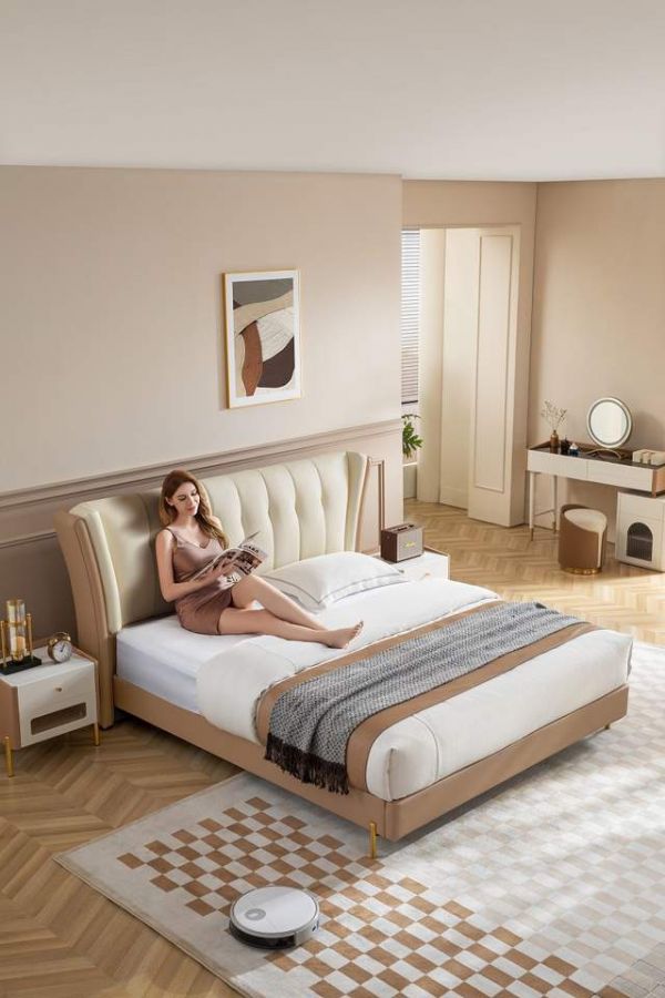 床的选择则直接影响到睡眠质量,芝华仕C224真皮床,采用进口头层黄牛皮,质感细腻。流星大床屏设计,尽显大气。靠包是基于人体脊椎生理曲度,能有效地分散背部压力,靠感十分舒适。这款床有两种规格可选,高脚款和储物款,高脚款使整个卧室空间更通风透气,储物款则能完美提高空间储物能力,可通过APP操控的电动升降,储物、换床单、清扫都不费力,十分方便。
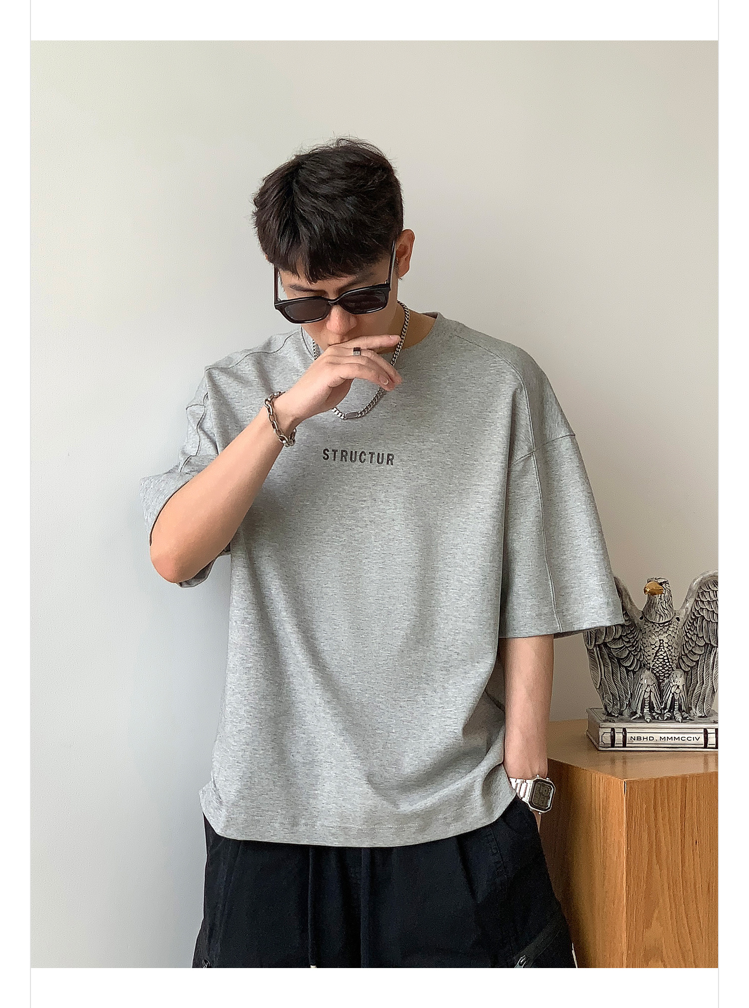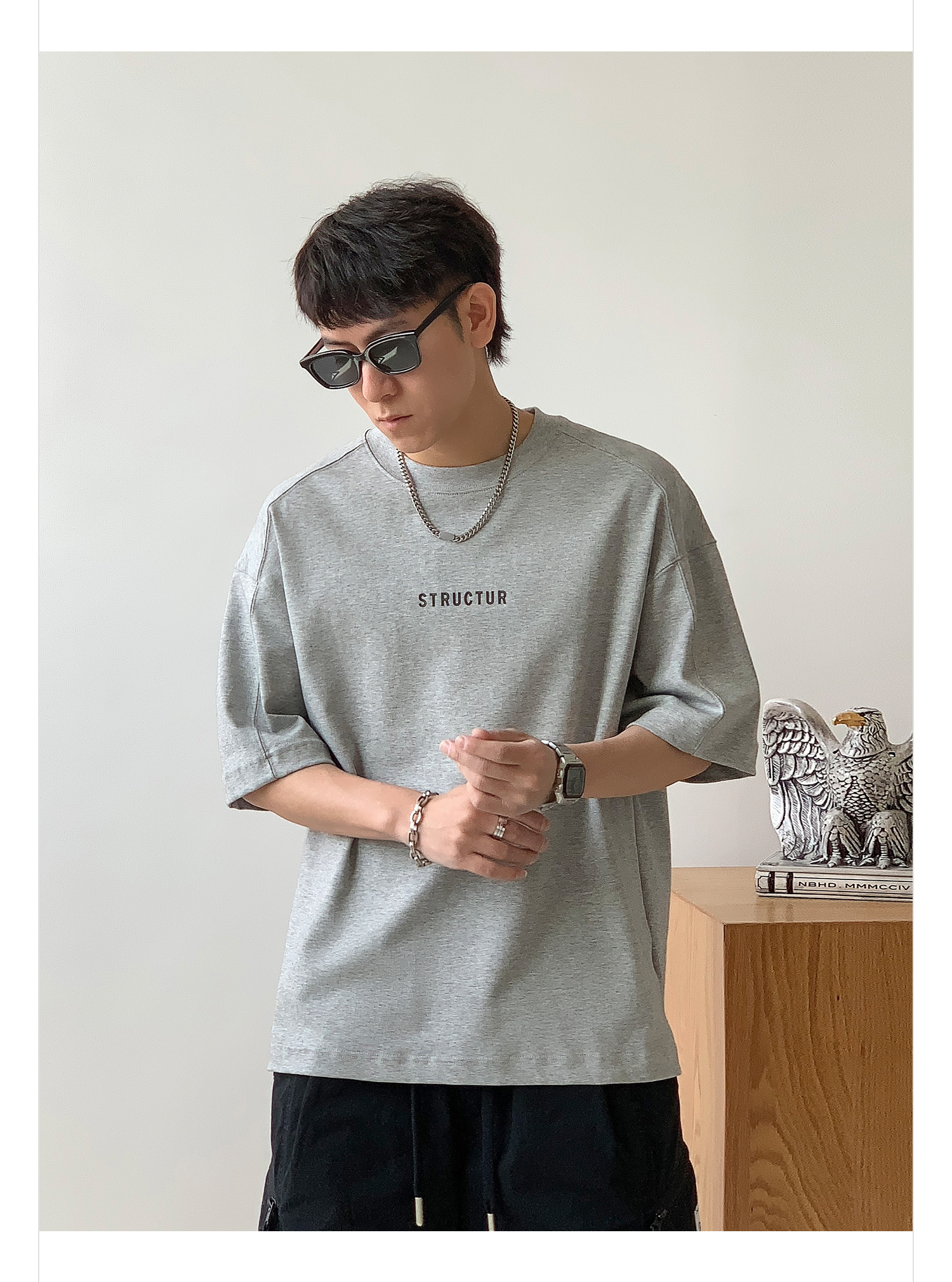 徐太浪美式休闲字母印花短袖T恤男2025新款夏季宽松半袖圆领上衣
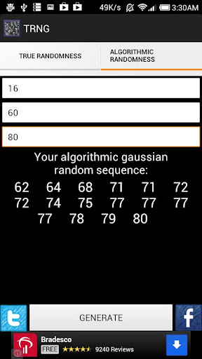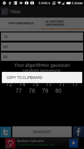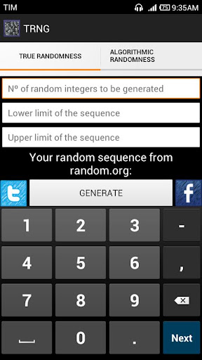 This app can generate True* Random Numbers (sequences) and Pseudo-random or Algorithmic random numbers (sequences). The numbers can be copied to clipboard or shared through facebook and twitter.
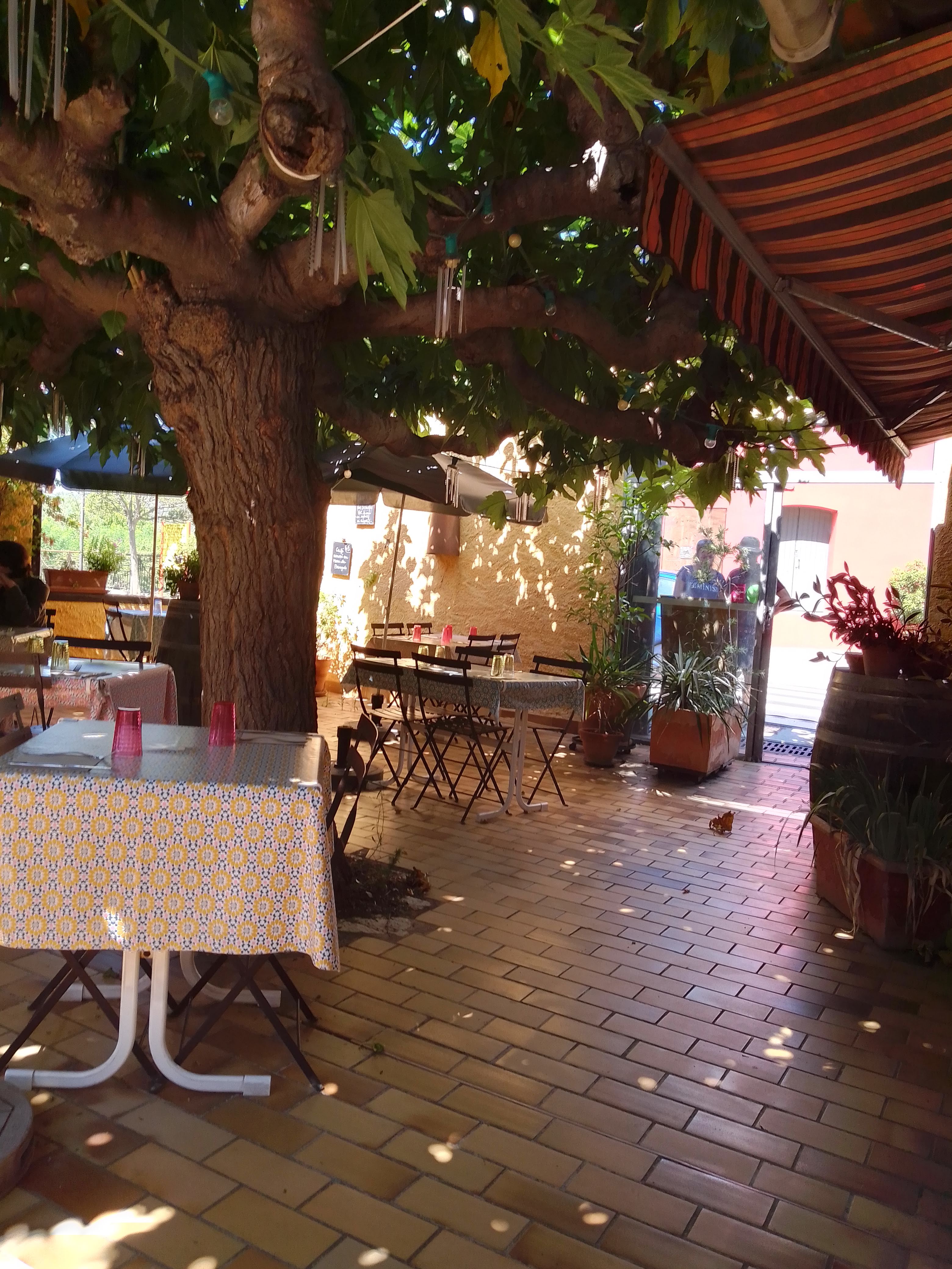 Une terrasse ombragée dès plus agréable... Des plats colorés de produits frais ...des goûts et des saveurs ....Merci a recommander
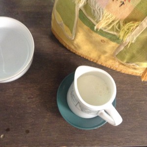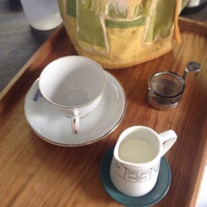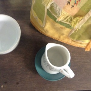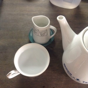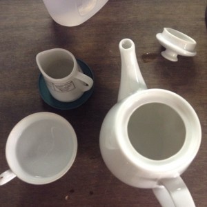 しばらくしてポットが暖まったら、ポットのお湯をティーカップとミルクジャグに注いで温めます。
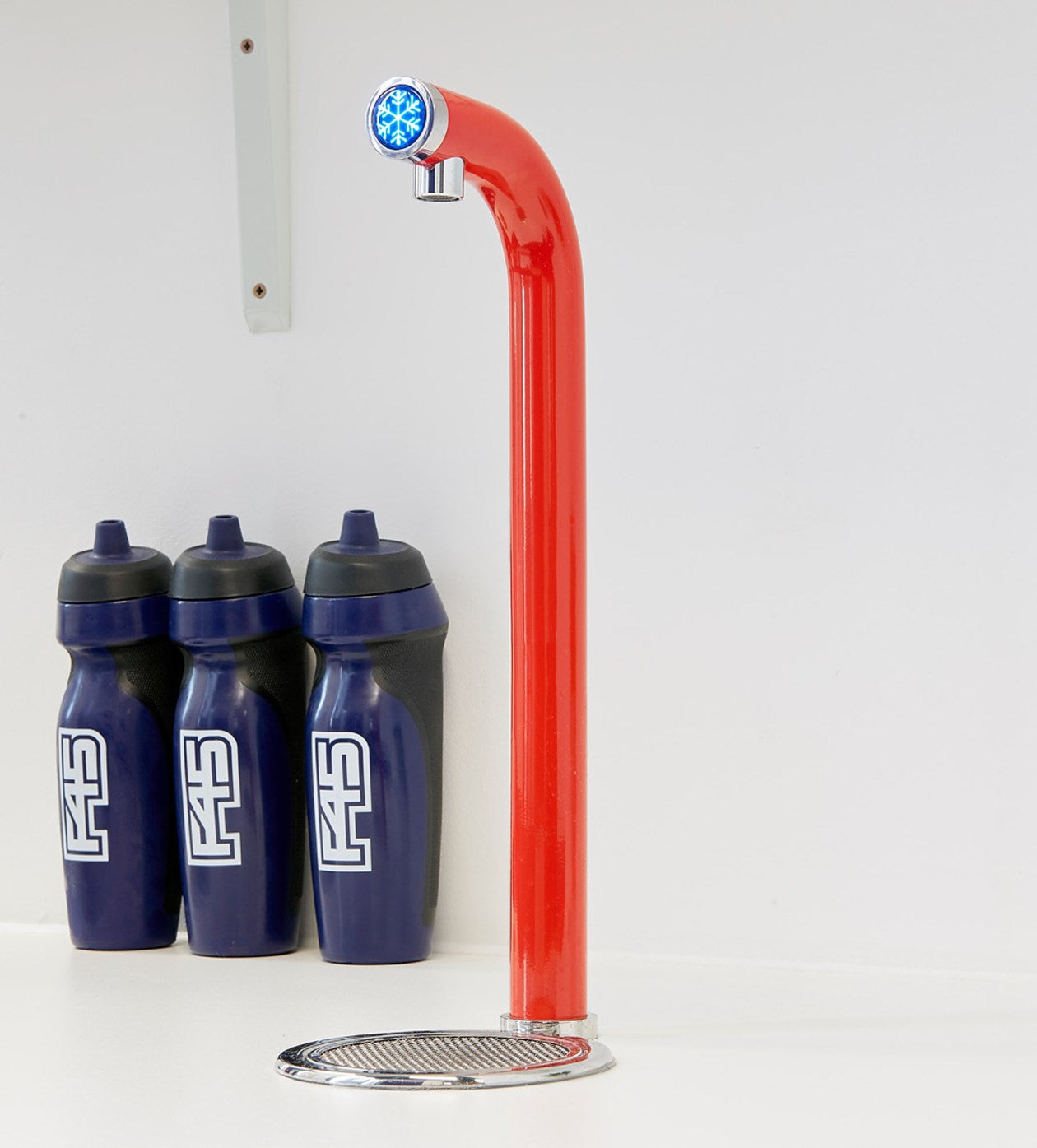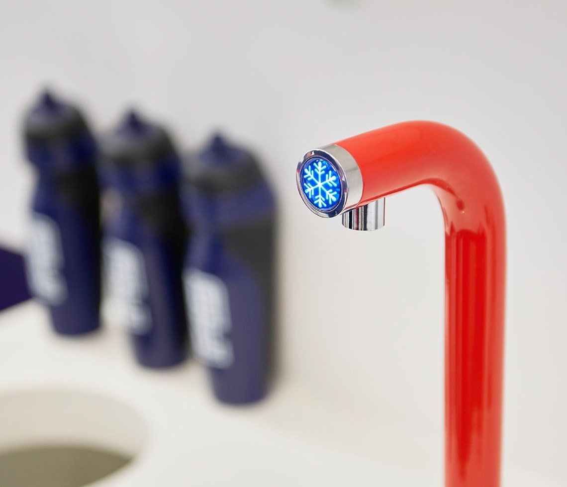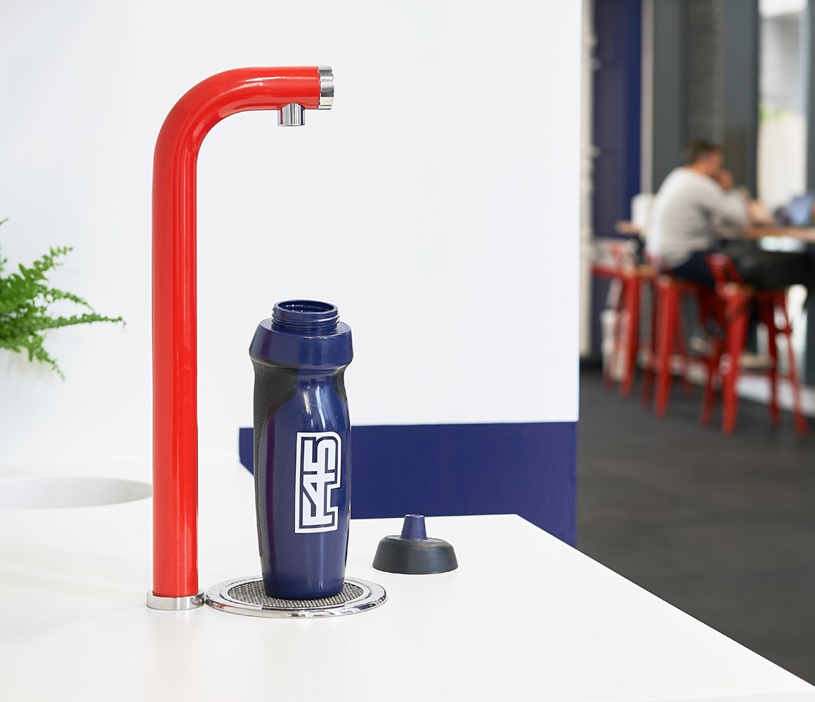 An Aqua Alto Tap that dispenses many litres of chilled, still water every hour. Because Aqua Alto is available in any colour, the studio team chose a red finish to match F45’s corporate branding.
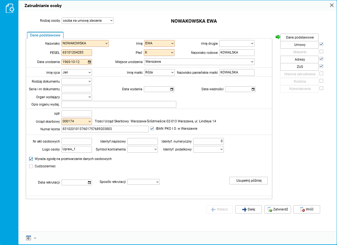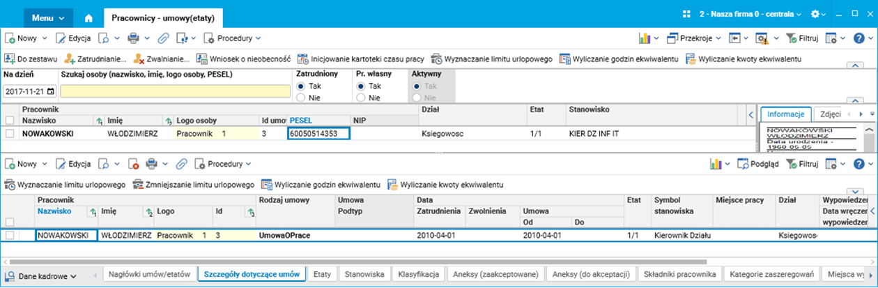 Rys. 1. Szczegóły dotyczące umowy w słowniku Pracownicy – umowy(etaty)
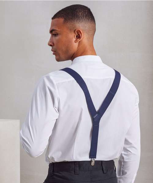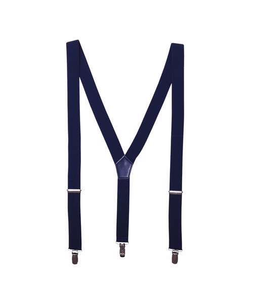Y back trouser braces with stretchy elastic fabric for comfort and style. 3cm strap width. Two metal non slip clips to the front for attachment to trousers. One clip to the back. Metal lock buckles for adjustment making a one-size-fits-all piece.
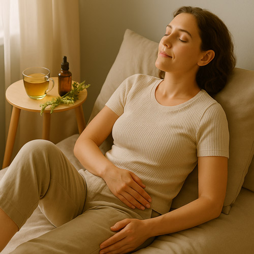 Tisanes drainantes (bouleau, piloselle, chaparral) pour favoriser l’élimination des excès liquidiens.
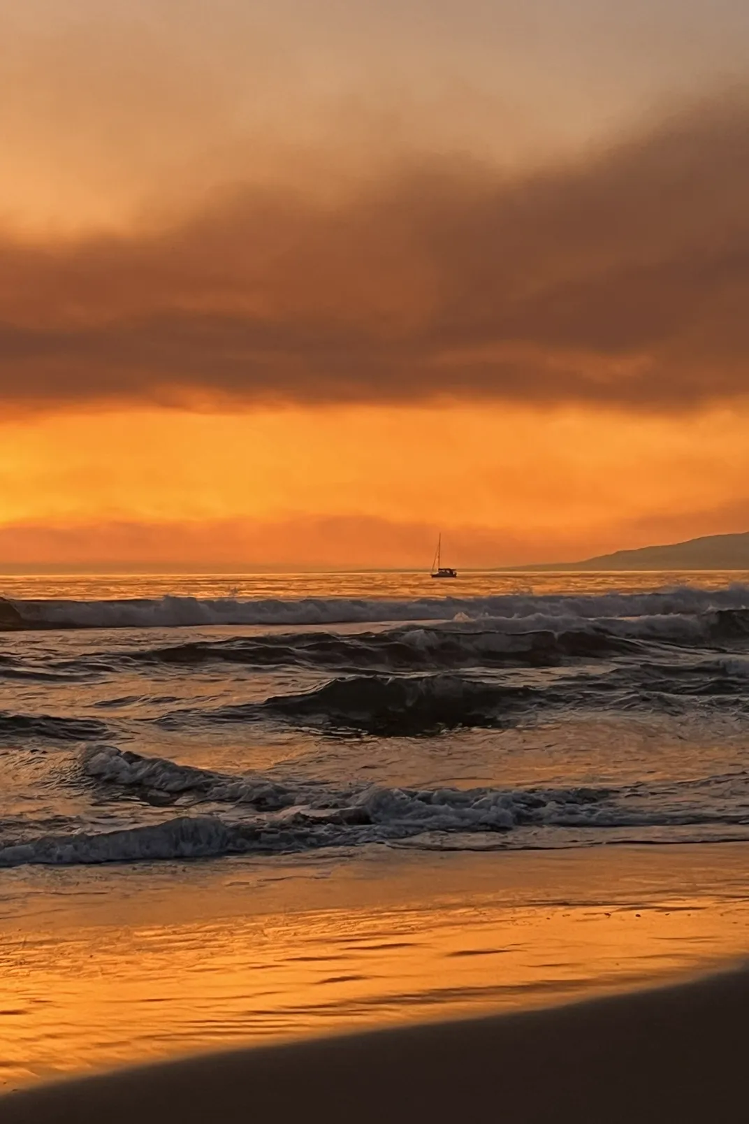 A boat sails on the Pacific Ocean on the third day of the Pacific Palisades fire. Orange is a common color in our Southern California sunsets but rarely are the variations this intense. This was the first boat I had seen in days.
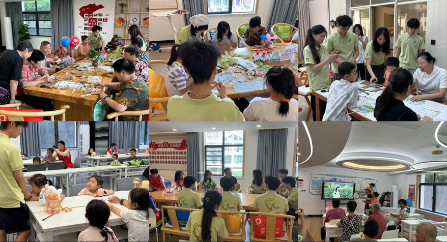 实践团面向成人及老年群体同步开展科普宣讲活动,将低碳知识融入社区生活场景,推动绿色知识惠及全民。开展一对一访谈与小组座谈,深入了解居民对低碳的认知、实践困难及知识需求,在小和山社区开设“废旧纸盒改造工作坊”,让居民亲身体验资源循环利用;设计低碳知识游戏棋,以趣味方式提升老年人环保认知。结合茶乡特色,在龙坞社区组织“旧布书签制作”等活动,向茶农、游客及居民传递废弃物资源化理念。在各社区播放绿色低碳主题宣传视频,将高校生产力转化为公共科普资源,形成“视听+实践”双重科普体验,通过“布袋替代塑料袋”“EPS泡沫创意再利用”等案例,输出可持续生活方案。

::::

» **To do**: Drop the images; restate the listing exactly.

» **Exercise solution**:
 床的选择则直接影响到睡眠质量,芝华仕C224真皮床,采用进口头层黄牛皮,质感细腻。流星大床屏设计,尽显大气。靠包是基于人体脊椎生理曲度,能有效地分散背部压力,靠感十分舒适。这款床有两种规格可选,高脚款和储物款,高脚款使整个卧室空间更通风透气,储物款则能完美提高空间储物能力,可通过APP操控的电动升降,储物、换床单、清扫都不费力,十分方便。
 徐太浪美式休闲字母印花短袖T恤男2025新款夏季宽松半袖圆领上衣
 This app can generate True* Random Numbers (sequences) and Pseudo-random or Algorithmic random numbers (sequences). The numbers can be copied to clipboard or shared through facebook and twitter.
 Une terrasse ombragée dès plus agréable... Des plats colorés de produits frais ...des goûts et des saveurs ....Merci a recommander
 しばらくしてポットが暖まったら、ポットのお湯をティーカップとミルクジャグに注いで温めます。
 An Aqua Alto Tap that dispenses many litres of chilled, still water every hour. Because Aqua Alto is available in any colour, the studio team chose a red finish to match F45’s corporate branding.
 Rys. 1. Szczegóły dotyczące umowy w słowniku Pracownicy – umowy(etaty)
Y back trouser braces with stretchy elastic fabric for comfort and style. 3cm strap width. Two metal non slip clips to the front for attachment to trousers. One clip to the back. Metal lock buckles for adjustment making a one-size-fits-all piece.
 Tisanes drainantes (bouleau, piloselle, chaparral) pour favoriser l’élimination des excès liquidiens.
 A boat sails on the Pacific Ocean on the third day of the Pacific Palisades fire. Orange is a common color in our Southern California sunsets but rarely are the variations this intense. This was the first boat I had seen in days.
 实践团面向成人及老年群体同步开展科普宣讲活动,将低碳知识融入社区生活场景,推动绿色知识惠及全民。开展一对一访谈与小组座谈,深入了解居民对低碳的认知、实践困难及知识需求,在小和山社区开设“废旧纸盒改造工作坊”,让居民亲身体验资源循环利用;设计低碳知识游戏棋,以趣味方式提升老年人环保认知。结合茶乡特色,在龙坞社区组织“旧布书签制作”等活动,向茶农、游客及居民传递废弃物资源化理念。在各社区播放绿色低碳主题宣传视频,将高校生产力转化为公共科普资源,形成“视听+实践”双重科普体验,通过“布袋替代塑料袋”“EPS泡沫创意再利用”等案例,输出可持续生活方案。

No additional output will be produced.